Transcribe the entries exactly as they stand below, passing over any picture.

□ □ □ □ □

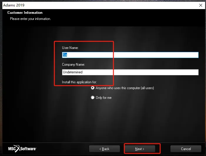 第二十一步:user name和company name随意填写,点【Next】。
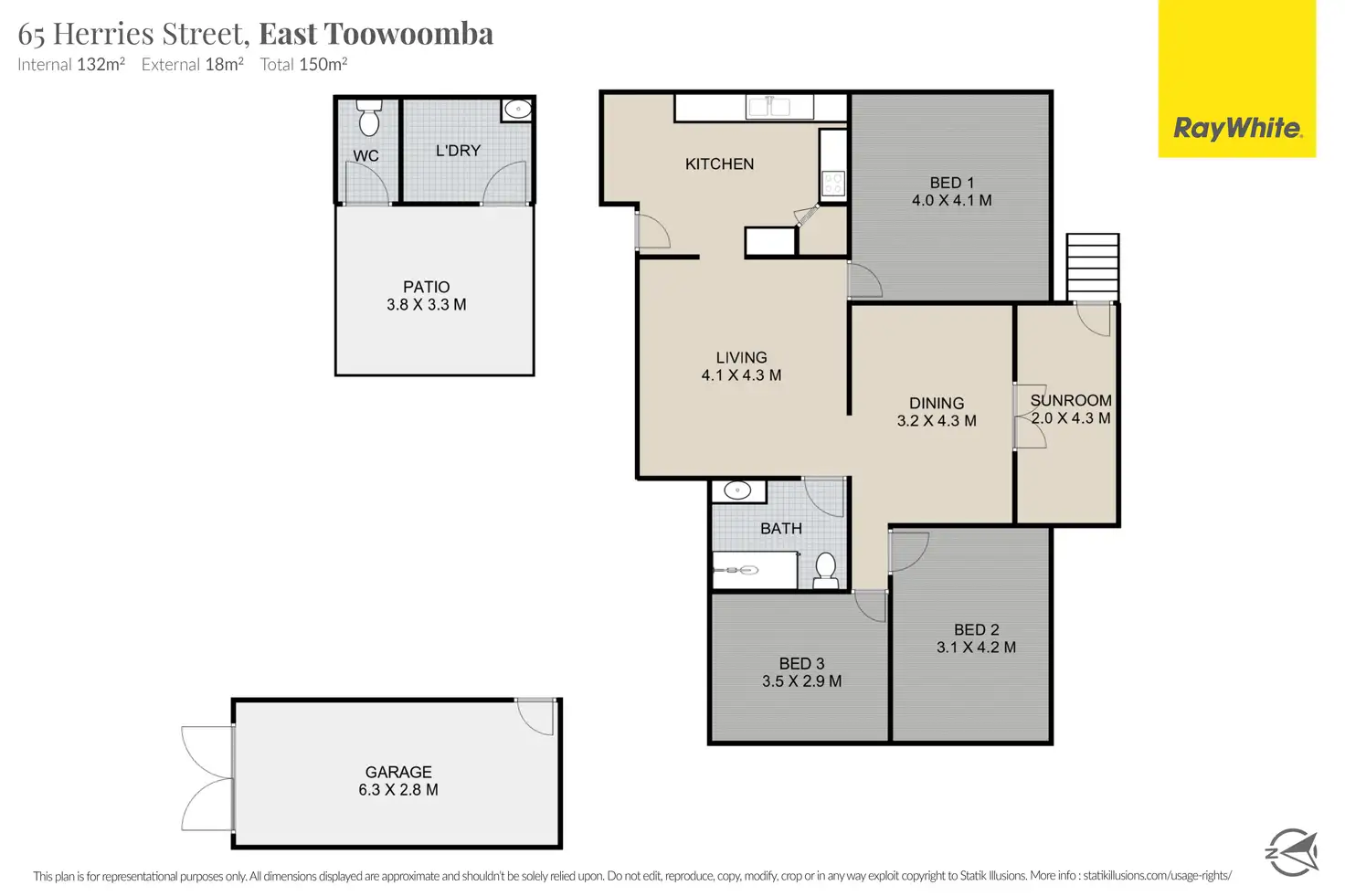 3 Bed • 1 Bath • 1 Car • 556m²
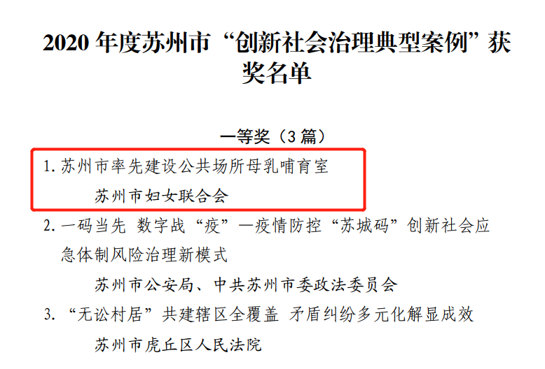 2020年度苏州市“创新社会治理典型案例”评选结果于近日出炉,YO米直播NBA最新消息“苏州市率先建设公共场所母乳哺育室”典型案例荣获全市一等奖!作为国际化城市和全国文明城市,加强对特定群体特别是母婴的关怀,是体现苏州城市人文关怀精神和城市文明程度的重要内容。自2016年起,苏州YO米直播NBA最新消息开始着手苏州市公共场所母乳哺育室建设工作,如今448个母乳哺育室站点,拼成一张“母爱地图”。这张“母爱地图”上母乳哺育室的标识越来越多,妈妈们在工作单位、商场或其他公共场所都能拥有一个安全、私密的空间给孩子喂奶,这份来自妇联“娘家人”的“礼物”,给了更多苏州女性实实在在的关爱和温情。
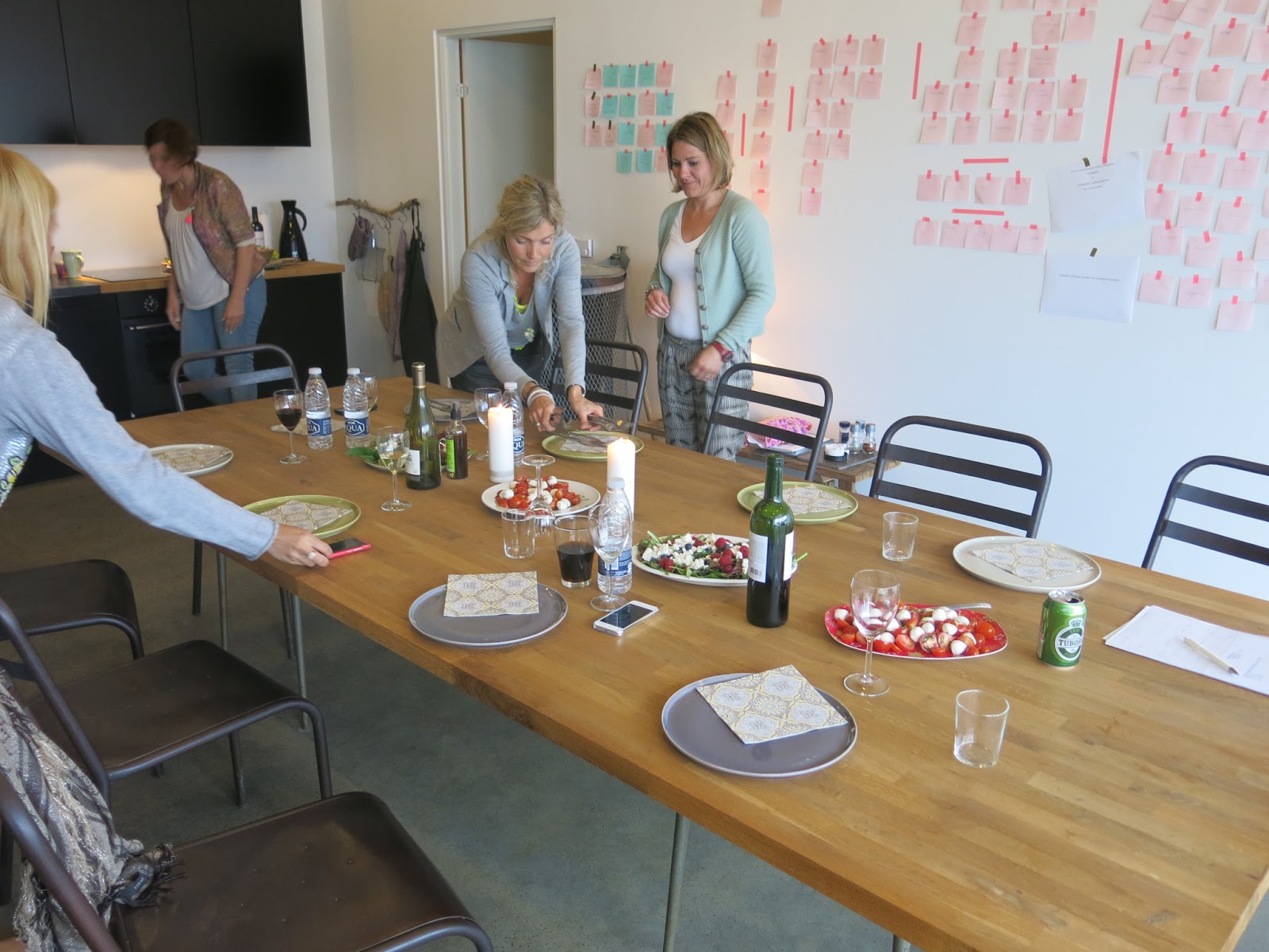 Po práci nás čekala společná večeře. Rozhodli jsme se nechodit nikam do města a vše si připravit přímo v showroomu v jídelně. Všimněte si zdi s lístečky – to vše jsou nápady, které tam postupně lepí všichni z firmy 🙂
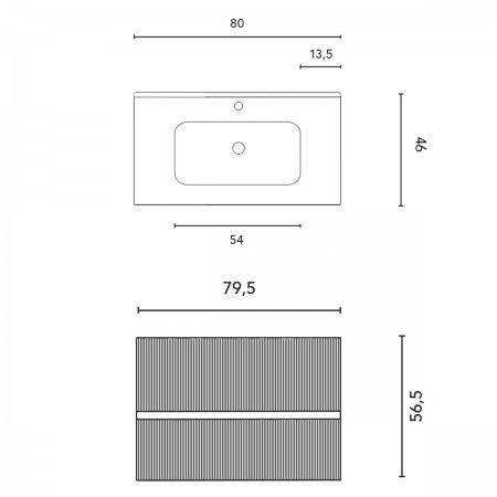 131769+126224 Тумба VORA 80 2 ящ, + раковина біла ENZO, MINERAL GREEN (1 сорт)
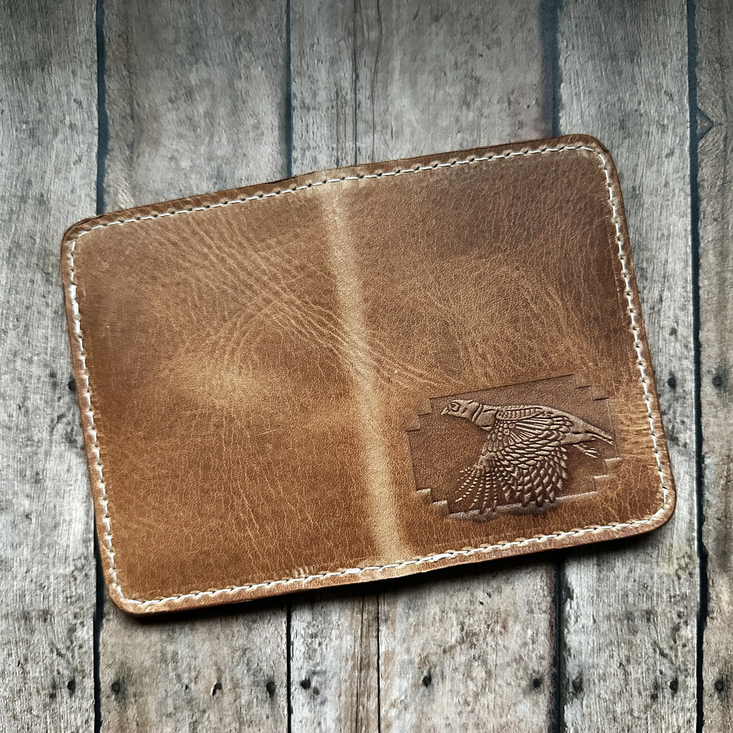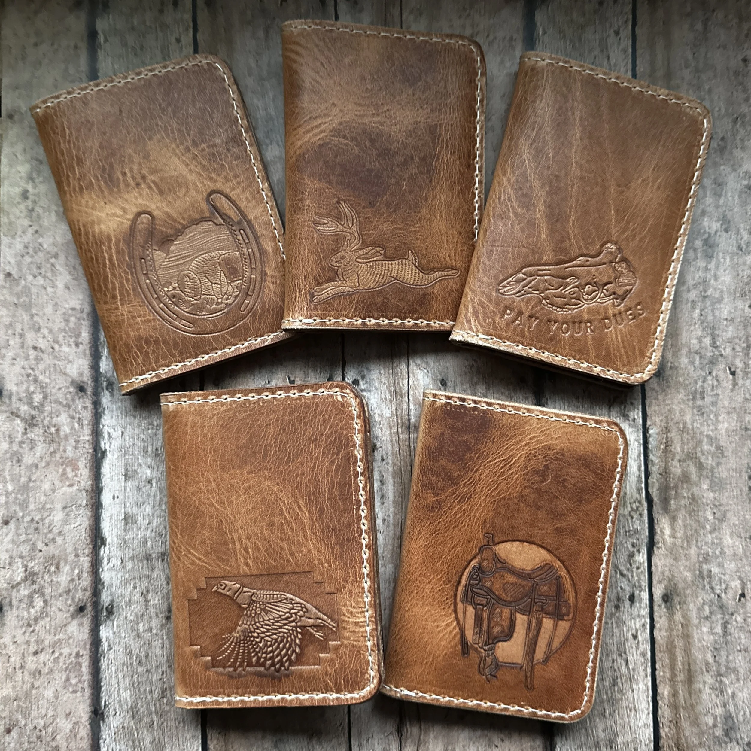 The inside stamps are universal across all wallet styles; only varying in the horizontal or vertical orientation of the pockets. There are five different external stamps to choose from, all drawn exclusively for this collection.
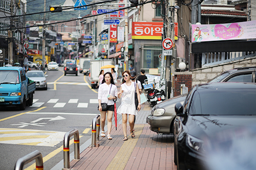 现在正值暑假旅游高峰期,在梨泰院的新人气街区——经理团街能够看到众多韩国年轻人及外国游客的身影。
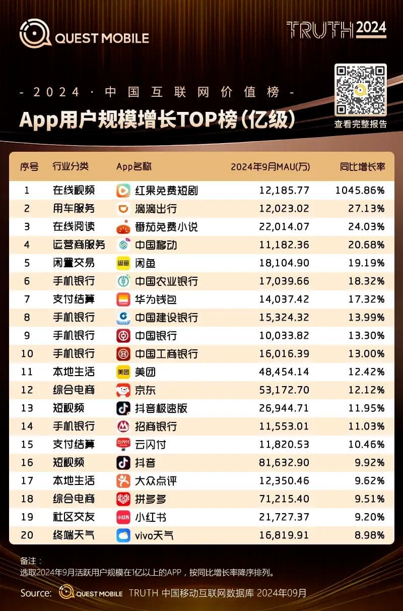 根据权威数据机构 QuestMobile 的数据显示,2024年9月,红果短剧的月活跃用户数(MAU)已成功突破1.2亿大关,同比增长幅度高达1045.9%。 另外,红果短剧的人均单日使用时长也达到了惊人的60分钟左右。
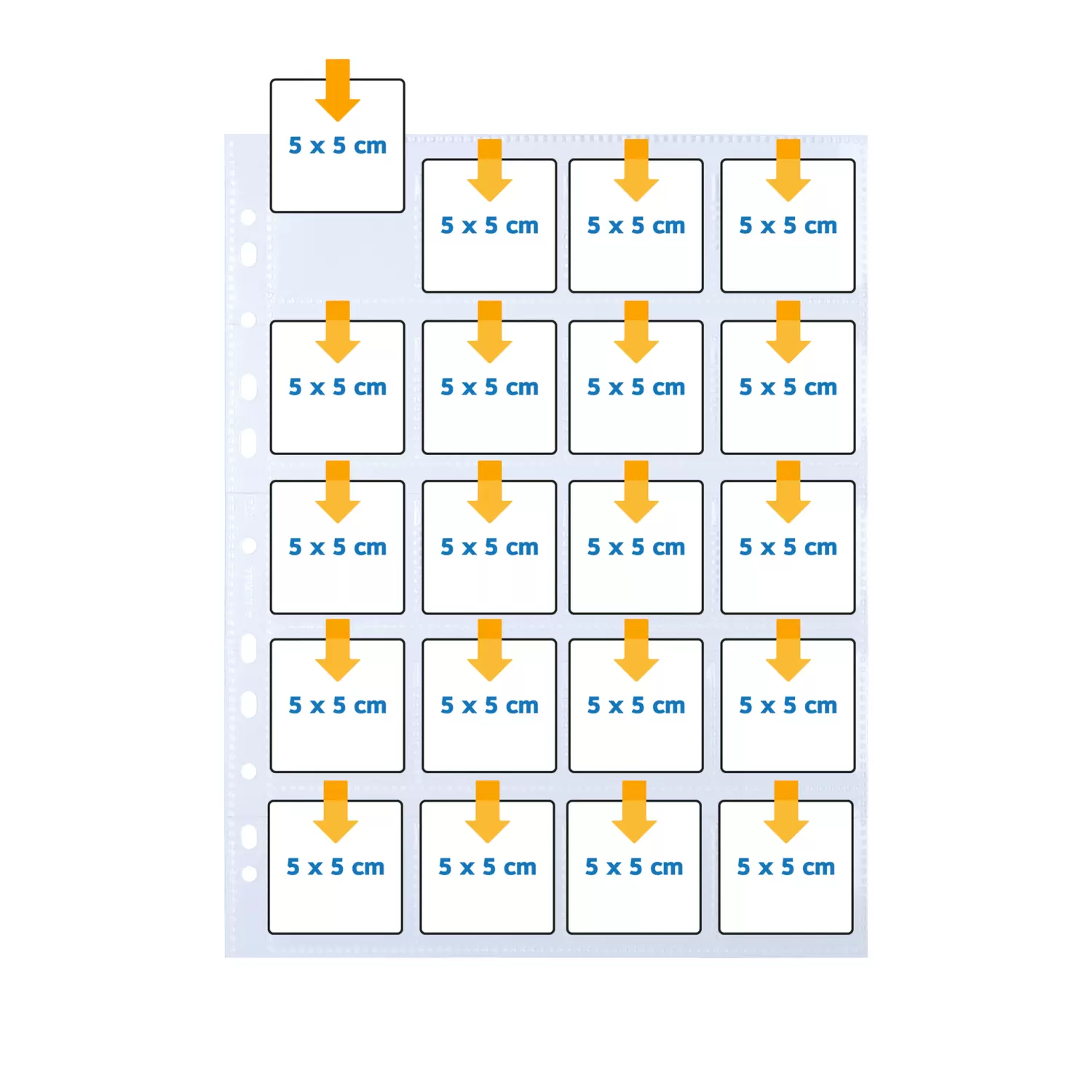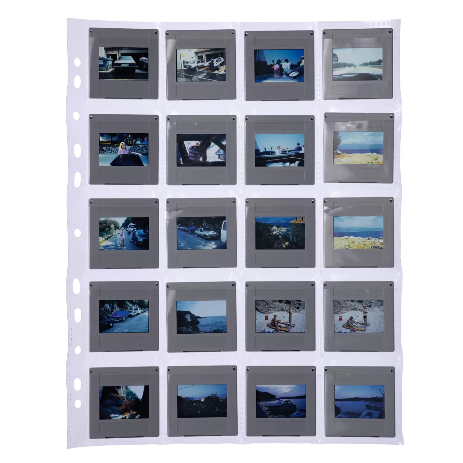 De HERMA diahoesjes zijn ideaal voor het netjes en overzichtelijk bewaren en archiveren van kleinbeeld-dia's. Ze zijn gemaakt van transparant, robuust en weekmakervrij heldermat polypropyleen en bieden per hoesje plek aan 20 ingeraamde dia's van het formaat 50 x 50 mm. Bijzonder eraan zijn de speciale beschermflapjes die voorkomen dat de dia's uit de hoesjes kunnen vallen. Zo kunnen de dia's er gemakkelijk worden ingestoken en uitgenomen en zijn desondanks optimaal beschermd. Een hoesje is ca. 24,4 x 30,1 cm groot en kan dankzij de europerforatie gemakkelijk in ordners, ringbanden of fotoboeken worden opgeborgen. Voor het optimaal vasthouden worden varianten met 4 ringen aanbevolen. Er zitten 100 vellen in een verpakking en dus is er genoeg plek voor max. 2000 dia's.
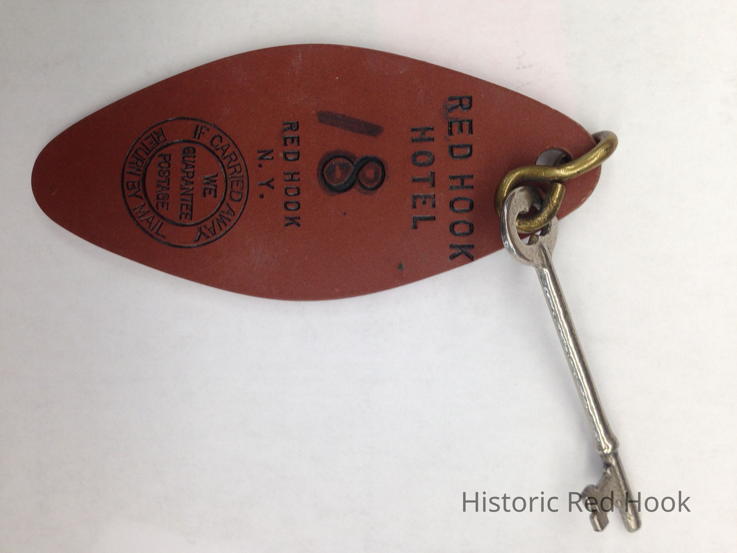 Key fob with key Red Hook Hotel imprinted with 8, handwritten 18
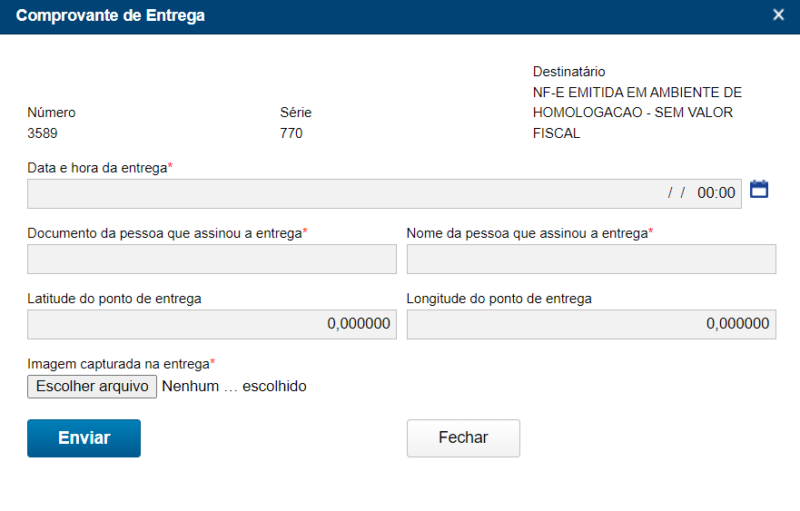 Data e hora da entrega – Deve informar a data e hora do final da entrega
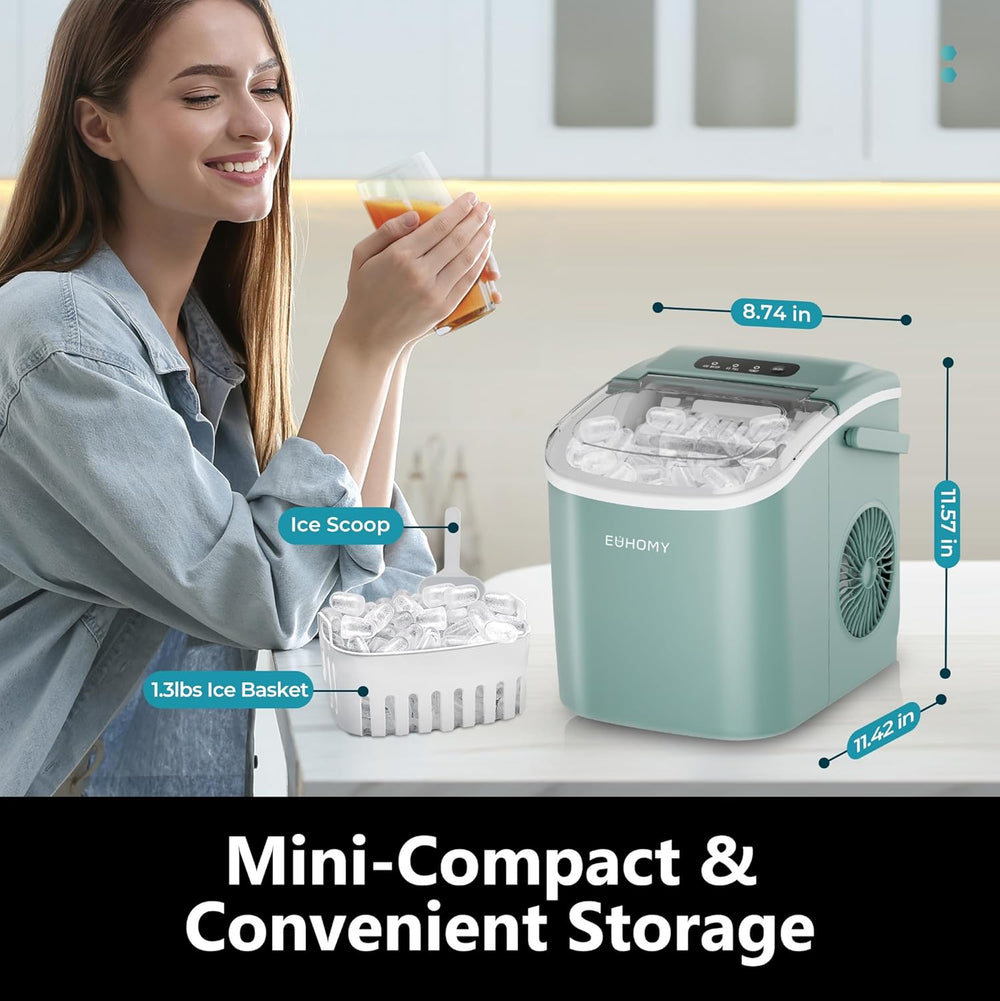 Máquina de Hielo EUHOMY, 26lbs/día, 9 cubos en 6 mins

□ □ □ □ □

**Answer space:**
 第二十一步:user name和company name随意填写,点【Next】。
 3 Bed • 1 Bath • 1 Car • 556m²
 2020年度苏州市“创新社会治理典型案例”评选结果于近日出炉,YO米直播NBA最新消息“苏州市率先建设公共场所母乳哺育室”典型案例荣获全市一等奖!作为国际化城市和全国文明城市,加强对特定群体特别是母婴的关怀,是体现苏州城市人文关怀精神和城市文明程度的重要内容。自2016年起,苏州YO米直播NBA最新消息开始着手苏州市公共场所母乳哺育室建设工作,如今448个母乳哺育室站点,拼成一张“母爱地图”。这张“母爱地图”上母乳哺育室的标识越来越多,妈妈们在工作单位、商场或其他公共场所都能拥有一个安全、私密的空间给孩子喂奶,这份来自妇联“娘家人”的“礼物”,给了更多苏州女性实实在在的关爱和温情。
 Po práci nás čekala společná večeře. Rozhodli jsme se nechodit nikam do města a vše si připravit přímo v showroomu v jídelně. Všimněte si zdi s lístečky – to vše jsou nápady, které tam postupně lepí všichni z firmy 🙂
 131769+126224 Тумба VORA 80 2 ящ, + раковина біла ENZO, MINERAL GREEN (1 сорт)
 The inside stamps are universal across all wallet styles; only varying in the horizontal or vertical orientation of the pockets. There are five different external stamps to choose from, all drawn exclusively for this collection.
 现在正值暑假旅游高峰期,在梨泰院的新人气街区——经理团街能够看到众多韩国年轻人及外国游客的身影。
 根据权威数据机构 QuestMobile 的数据显示,2024年9月,红果短剧的月活跃用户数(MAU)已成功突破1.2亿大关,同比增长幅度高达1045.9%。 另外,红果短剧的人均单日使用时长也达到了惊人的60分钟左右。
 De HERMA diahoesjes zijn ideaal voor het netjes en overzichtelijk bewaren en archiveren van kleinbeeld-dia's. Ze zijn gemaakt van transparant, robuust en weekmakervrij heldermat polypropyleen en bieden per hoesje plek aan 20 ingeraamde dia's van het formaat 50 x 50 mm. Bijzonder eraan zijn de speciale beschermflapjes die voorkomen dat de dia's uit de hoesjes kunnen vallen. Zo kunnen de dia's er gemakkelijk worden ingestoken en uitgenomen en zijn desondanks optimaal beschermd. Een hoesje is ca. 24,4 x 30,1 cm groot en kan dankzij de europerforatie gemakkelijk in ordners, ringbanden of fotoboeken worden opgeborgen. Voor het optimaal vasthouden worden varianten met 4 ringen aanbevolen. Er zitten 100 vellen in een verpakking en dus is er genoeg plek voor max. 2000 dia's.
 Key fob with key Red Hook Hotel imprinted with 8, handwritten 18
 Data e hora da entrega – Deve informar a data e hora do final da entrega
 Máquina de Hielo EUHOMY, 26lbs/día, 9 cubos en 6 mins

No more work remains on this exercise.